La aféresis en las responsabilidades del Gobierno conservador se construye mediante una suplantación de la realidad donde el sentido de Estado ha de encontrarse necesariamente en la oposición ya que a la derecha le basta con tener sentido de sí misma ya que el Estado en su estructura e ideología actual está constituido, como hizo Dios al hombre, a su imagen y semejanza. En definitiva, sin una redefinición de los límites y contenidos del poder, la derecha podrá decir junto a Wolin que su influencia aumenta porque la descripción del mundo que es producto de su voluntad es aceptada como real.
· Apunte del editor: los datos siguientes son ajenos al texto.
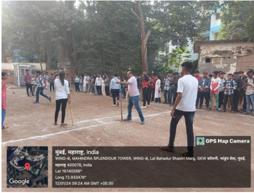
Box Cricket Event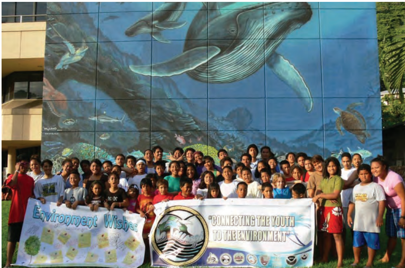
Students from the 2010 Enviro-Discovery Summer Camp show off their environmental wishes; the camp is run by Le Tausagi and CRAG every summer.

improving services and educational programs.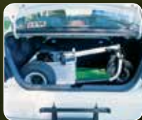
Tucked away in the car. Even a small one!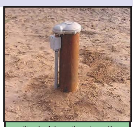
Standard domestic water well in Weld County

Household Use Only Wells - These types of well permits are issued for ordinary household uses in one single-family dwelling and do not allow for outside water or livestock watering. Generally, individuals may obtain this type of permit if they own a lot in a subdivision that was created prior to June 1, 1972, or the parcel was created by an exemption to the subdivision laws by the local county planning authority. Use Form GWS-44 in applying for this type of permit.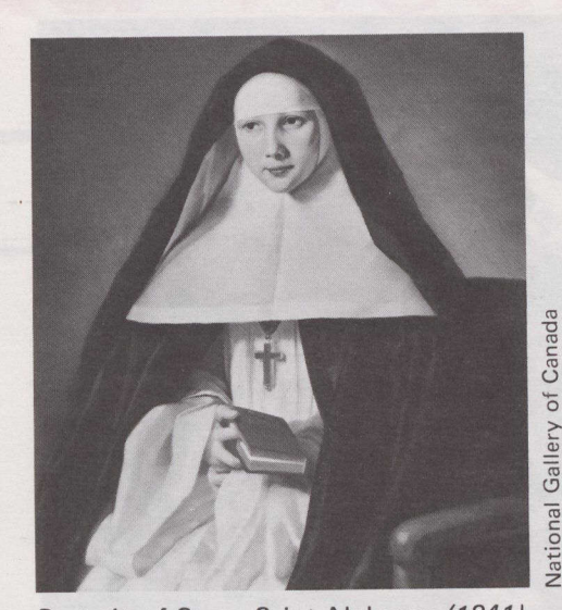
Portrait of Soeur Saint-Alphonse (1841). of the finest religious series ever produced in North America In colour alone

In 1961, the Montreal Museum of Fine Arts acquired the six surviving canvases of the most important religious commission the artist ever received: the 14-station Way of the Cross suite for Notre-Dame Church in Montreal. This commission, awarded in 1836, was a great compliment the Young artist, who had been apprento Joseph Légaré and had studied in Europe in the 1820s before setting up Practice in Quebec City. The masterful of 14 paintings that Antoine Plamondon produced over three years for Notre Dame was rejected by the Church on liturgical grounds, but was nonethehailed by contemporary critics as a tiumph, and may still be considered one

De esta mirada fragmentaria emana la democracia dirigida, la democracia fugitiva. Es por ello, que en estos contextos los predicados al concepto oposición –constructiva, útil, responsable- son parte de esa suplantación conservadora de la realidad que limita psicológicamente el campo de actuación de sus adversarios políticos.
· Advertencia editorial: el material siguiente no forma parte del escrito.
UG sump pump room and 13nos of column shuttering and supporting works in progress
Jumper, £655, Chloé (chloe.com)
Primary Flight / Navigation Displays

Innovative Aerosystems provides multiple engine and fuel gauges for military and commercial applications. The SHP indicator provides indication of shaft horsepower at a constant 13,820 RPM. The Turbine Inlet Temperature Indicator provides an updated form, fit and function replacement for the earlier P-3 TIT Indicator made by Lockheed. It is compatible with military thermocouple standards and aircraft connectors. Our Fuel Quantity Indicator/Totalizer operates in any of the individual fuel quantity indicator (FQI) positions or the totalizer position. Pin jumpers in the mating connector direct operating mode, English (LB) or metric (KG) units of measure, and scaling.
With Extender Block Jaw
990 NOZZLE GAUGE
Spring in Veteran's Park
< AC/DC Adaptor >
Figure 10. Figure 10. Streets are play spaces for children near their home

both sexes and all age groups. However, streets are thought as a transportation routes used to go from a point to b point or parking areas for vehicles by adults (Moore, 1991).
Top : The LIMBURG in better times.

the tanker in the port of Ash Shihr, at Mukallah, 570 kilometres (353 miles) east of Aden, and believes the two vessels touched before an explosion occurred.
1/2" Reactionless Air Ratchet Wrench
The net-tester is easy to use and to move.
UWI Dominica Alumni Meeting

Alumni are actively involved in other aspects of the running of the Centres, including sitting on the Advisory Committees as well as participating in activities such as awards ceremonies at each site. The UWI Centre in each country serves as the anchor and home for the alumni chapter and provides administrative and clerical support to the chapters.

Son estos condicionantes por lo que los grandes casos de corrupción que enlodan por todos sus cornijales al Partido Popular, la reprobación de ministros por parte del Congreso, las irregularidades manifiestas en la gestión gubernamental, el encarcelamientos de sus cargos públicos, no astillan significativamente, en una precaria sostenibilidad parlamentaria, la confortabilidad del Ejecutivo en el poder. El factor virtuoso del loable acuerdo entre el PSOE y Podemos para presentar un frente común de oposición en el Congreso al partido conservador, por todo lo dicho, va a depender no ya del continente sino de la sustancialidad del contenido. Para ello, habrá que tener muy en cuenta, que en los graves asuntos que el país tiene pendiente de resolver –Cataluña, la destrucción del mundo del trabajo, la desigualdad, la corrupción- el principal problema es el Partido popular.

No se trata a estas alturas de que la oposición sea reformista, sino un auténtico instrumento de cambio, ya que una reforma es una corrección de abusos, mientras un cambio es una transferencia de poder que es lo que se necesita para corregir los graves déficits democráticos, sociales y políticos que padece el país. Esto conlleva que la verdadera alternativa tiene que ubicarse en las cuestiones de Estado, hasta ahora intocables, comenzando por la misma reforma del Estado al objeto de una redistribución del poder que devuelva la centralidad democrática a la ciudadanía, consolide la supremacía del poder político sobre el poder fáctico económico, promueva una auténtica división de poderes que impida la politización de la justicia y, como consecuencia, que la ley sea un espacio de convivencia y no un territorio de dominación y, todo ello, con la consiguiente reforma constitucional de acuerdo con la realidad de la sociedad y no para imponer una suplantación de realidad a la ciudadanía.

La militancia del PSOE mediante las primarias marcó claramente la posición y función política del partido desde una visión clara desde la izquierda. Este mandato conlleva poder acometer el gran proceso de cambio con total legitimidad y de forma irrevocable. Y sin embargo, no deja de ser causa de turbación la tendencia cantonalista de algunos líderes regionales que estiman que el poder institucional les pertenece así como la prerrogativa de marcar políticas diferenciadas o incluso contrarias a las convenidas en el congreso federal, lo cual supone un ostensible daño a la unidad de acción del partido, teniendo en cuenta que se trata del intento de los perdedores en las primarias de recomponer en sus territorios la política rechazada democráticamente por las bases en las primaria. Unas resistencias dañosas para los fines trascendentes del Partidos Socialista y muy útiles para la comodidad de la derecha en el poder.